[Task inputs — start]
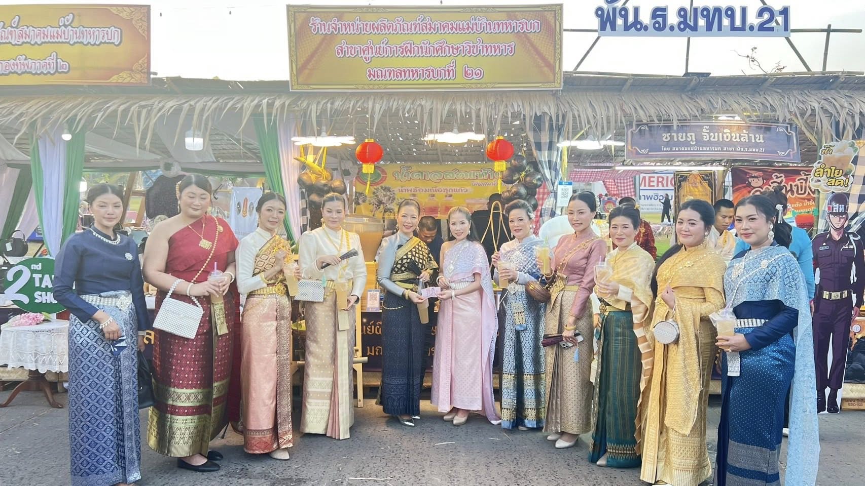13 ก.พ. 2569 พ.อ.อภิวัฒน์ แสงสูง ผบ.ศฝ.นศท.มทบ.21 พร้อมด้วย คุณ วิชุตา แสงสูง ประธานสมาคมแม่บ้านทหารบก สาขา ศฝ.นศท.มทบ.21 ได้จัดซุ้มจำหน่ายสินค้า น้ำตาลสด และหมูสะเต๊ะ เนื่องในงานน้อมรำลึกสมเด็จพระนเรศวรมหาราชกู้แผ่นดิน ปี 2569 ภายในงานยังมีตลาดย้อนยุค รวมถึงตลาดน้ำสมัยอโยธยา สินค้าที่เป็นของดีประจำจังหวัด กว่า 100 ร้านค้า ในราคาประหยัด ร่วมแต่งกายด้วยชุดไทยพระราชนิยม, ชุดไทยย้อนยุค และชุดไทยประยุกต์ เพื่อเป็นการร่วมสืบสานและสร้างสรรค์ความงดงามของผ้าไทยอีกด้วย ณ บริเวณลานด้านหน้าพระบรมราชานุสาวรีย์สมเด็จพระนเรศวรมหาราช ค่ายสุรนารี อ.เมือง จว.น.ม. โดยมี พล.ท. วีระยุทธ รักษ์ศิลป์ มทภ.2 เป็นประธาน
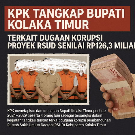 Jakarta – Komisi Pemberantasan Korupsi (KPK) menetapkan dan menahan Bupati Kolaka Timur periode 2024–2029, ABZ, bersama empat orang lainnya dalam operasi tangkap tangan (OTT) terkait dugaan tindak pidana korupsi pembangunan Rumah Sakit Umum Daerah (RSUD) Kabupaten Kolaka Timur, Sulawesi Tenggara.
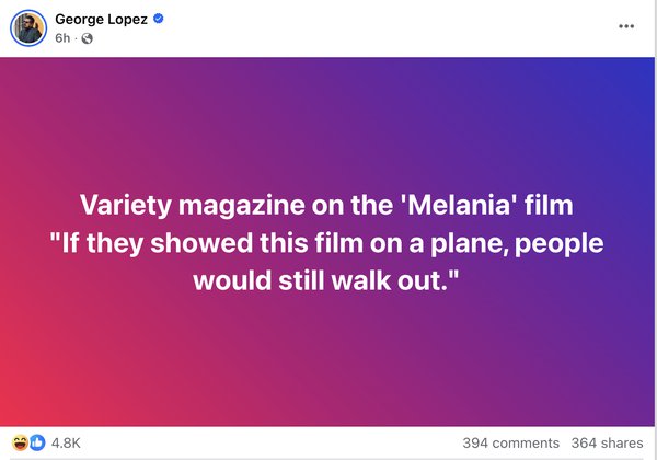doesn’t yield a story with the quote: “Variety magazine on the 'Melania' film: If they showed this film on a plane, people would still walk out."
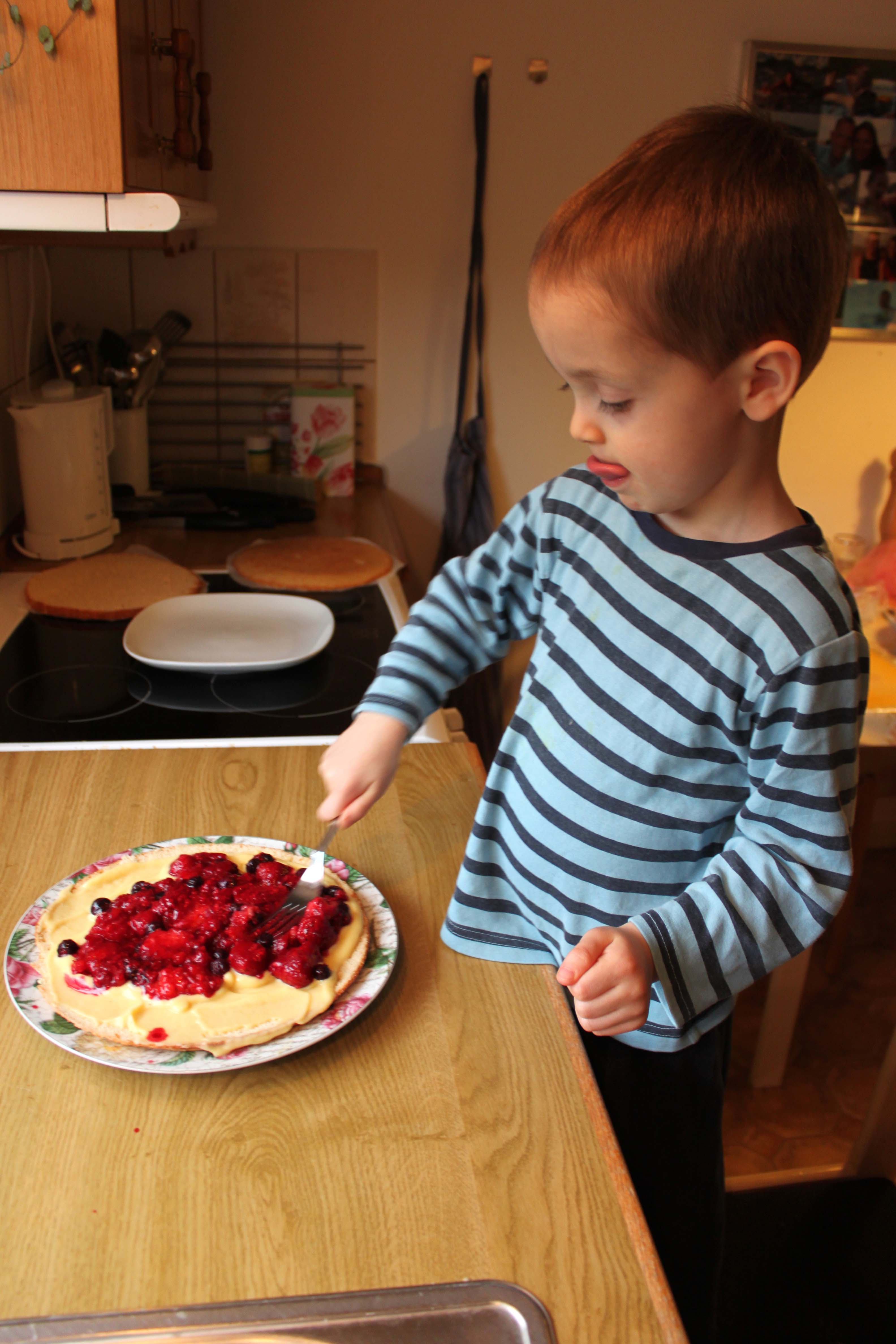 Hindbær, skovbær eller blåbær er også lækkert fyld. Man kan købe bærene fra frost og lade dem tø op i køleskabet natten over, da det er billigere end at købe friske bær. Derudover kan man eksempelvis også fylde ananas, kiwi, chokolademousse eller hindbærmousse i sin lagkage.
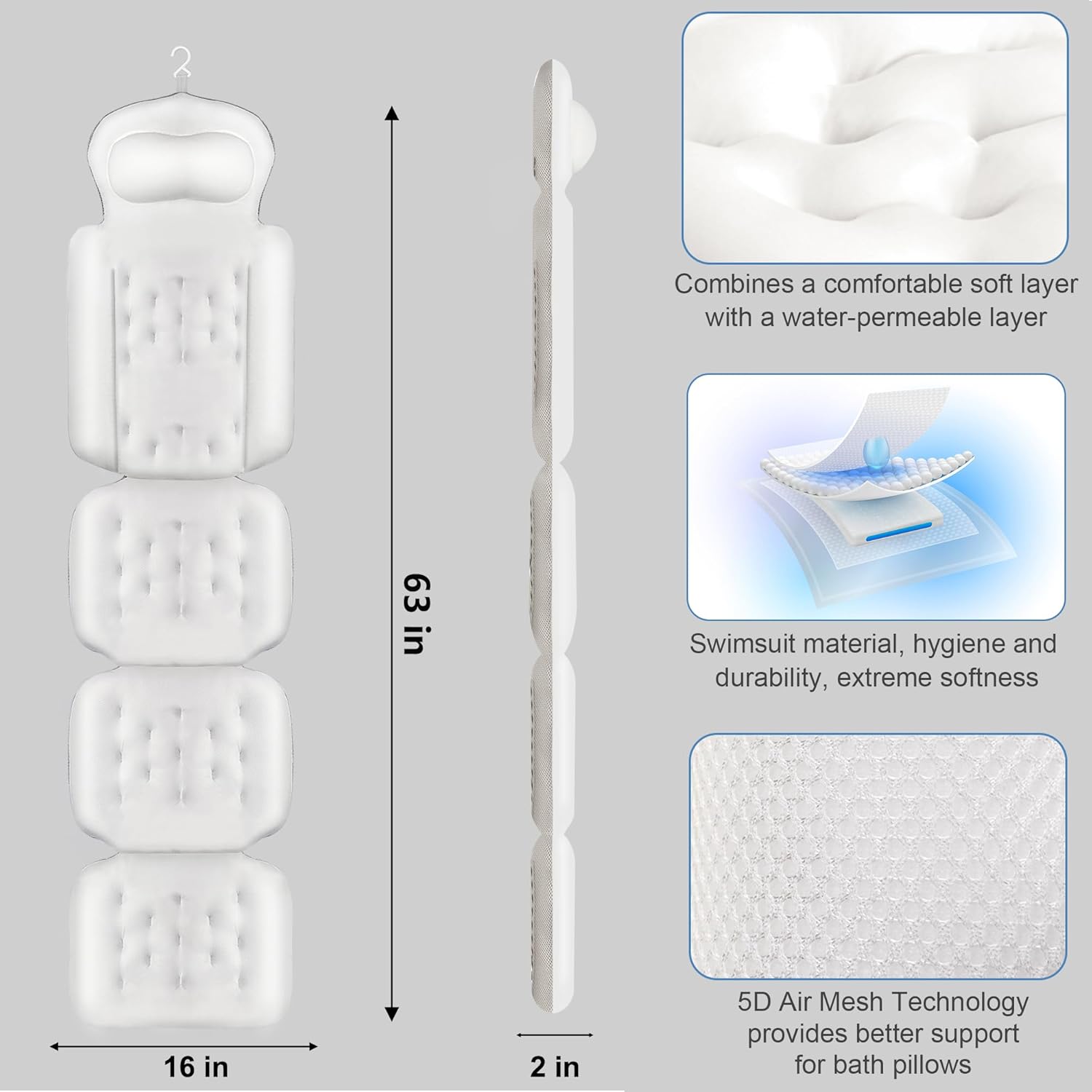 Luxury Full Body Bath Pillow for Bathtub, Bath Pillows for Tub with Mesh Laundry Bag, Cushion for Bathtub Headrest Neck Back Support - 5D Air Mesh & Quick Drying | White 63" x 16"
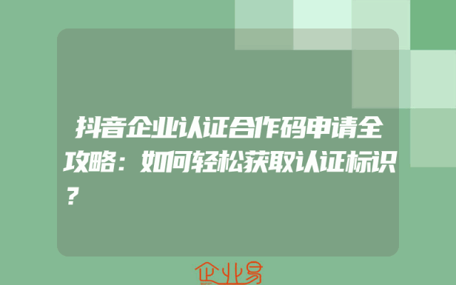- 抖音企业认证合作码申请全攻略:如何轻松获取认证标识?
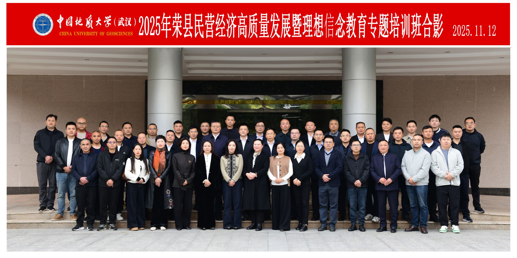 为深入学习贯彻习近平总书记在民营企业座谈会上的重要讲话精神和党的二十届四中全会精神,11月11日—16日,williamhill官网网站邀请四川省荣县工商联(总商会)在williamhill官网网站(武汉)举办荣县2025年民营经济高质量发展暨理想信念教育专题培训班。荣县县委书记赵磊,县委常委、统战部部长朱军,williamhill官网网站(武汉)党委副书记王甫,公共管理公司党委书记徐岩,经理龚健,远程与继续教育公司(自然资源管理公司)党总支书记、经理邬海峰参加开班式。
[Task inputs — finish]
Work item: The records above are to be copied exactly, without their pictures.

Response area:
13 ก.พ. 2569 พ.อ.อภิวัฒน์ แสงสูง ผบ.ศฝ.นศท.มทบ.21 พร้อมด้วย คุณ วิชุตา แสงสูง ประธานสมาคมแม่บ้านทหารบก สาขา ศฝ.นศท.มทบ.21 ได้จัดซุ้มจำหน่ายสินค้า น้ำตาลสด และหมูสะเต๊ะ เนื่องในงานน้อมรำลึกสมเด็จพระนเรศวรมหาราชกู้แผ่นดิน ปี 2569 ภายในงานยังมีตลาดย้อนยุค รวมถึงตลาดน้ำสมัยอโยธยา สินค้าที่เป็นของดีประจำจังหวัด กว่า 100 ร้านค้า ในราคาประหยัด ร่วมแต่งกายด้วยชุดไทยพระราชนิยม, ชุดไทยย้อนยุค และชุดไทยประยุกต์ เพื่อเป็นการร่วมสืบสานและสร้างสรรค์ความงดงามของผ้าไทยอีกด้วย ณ บริเวณลานด้านหน้าพระบรมราชานุสาวรีย์สมเด็จพระนเรศวรมหาราช ค่ายสุรนารี อ.เมือง จว.น.ม. โดยมี พล.ท. วีระยุทธ รักษ์ศิลป์ มทภ.2 เป็นประธาน
 Jakarta – Komisi Pemberantasan Korupsi (KPK) menetapkan dan menahan Bupati Kolaka Timur periode 2024–2029, ABZ, bersama empat orang lainnya dalam operasi tangkap tangan (OTT) terkait dugaan tindak pidana korupsi pembangunan Rumah Sakit Umum Daerah (RSUD) Kabupaten Kolaka Timur, Sulawesi Tenggara.
doesn’t yield a story with the quote: “Variety magazine on the 'Melania' film: If they showed this film on a plane, people would still walk out."
 Hindbær, skovbær eller blåbær er også lækkert fyld. Man kan købe bærene fra frost og lade dem tø op i køleskabet natten over, da det er billigere end at købe friske bær. Derudover kan man eksempelvis også fylde ananas, kiwi, chokolademousse eller hindbærmousse i sin lagkage.
 Luxury Full Body Bath Pillow for Bathtub, Bath Pillows for Tub with Mesh Laundry Bag, Cushion for Bathtub Headrest Neck Back Support - 5D Air Mesh & Quick Drying | White 63" x 16"
- 抖音企业认证合作码申请全攻略:如何轻松获取认证标识?
 为深入学习贯彻习近平总书记在民营企业座谈会上的重要讲话精神和党的二十届四中全会精神,11月11日—16日,williamhill官网网站邀请四川省荣县工商联(总商会)在williamhill官网网站(武汉)举办荣县2025年民营经济高质量发展暨理想信念教育专题培训班。荣县县委书记赵磊,县委常委、统战部部长朱军,williamhill官网网站(武汉)党委副书记王甫,公共管理公司党委书记徐岩,经理龚健,远程与继续教育公司(自然资源管理公司)党总支书记、经理邬海峰参加开班式。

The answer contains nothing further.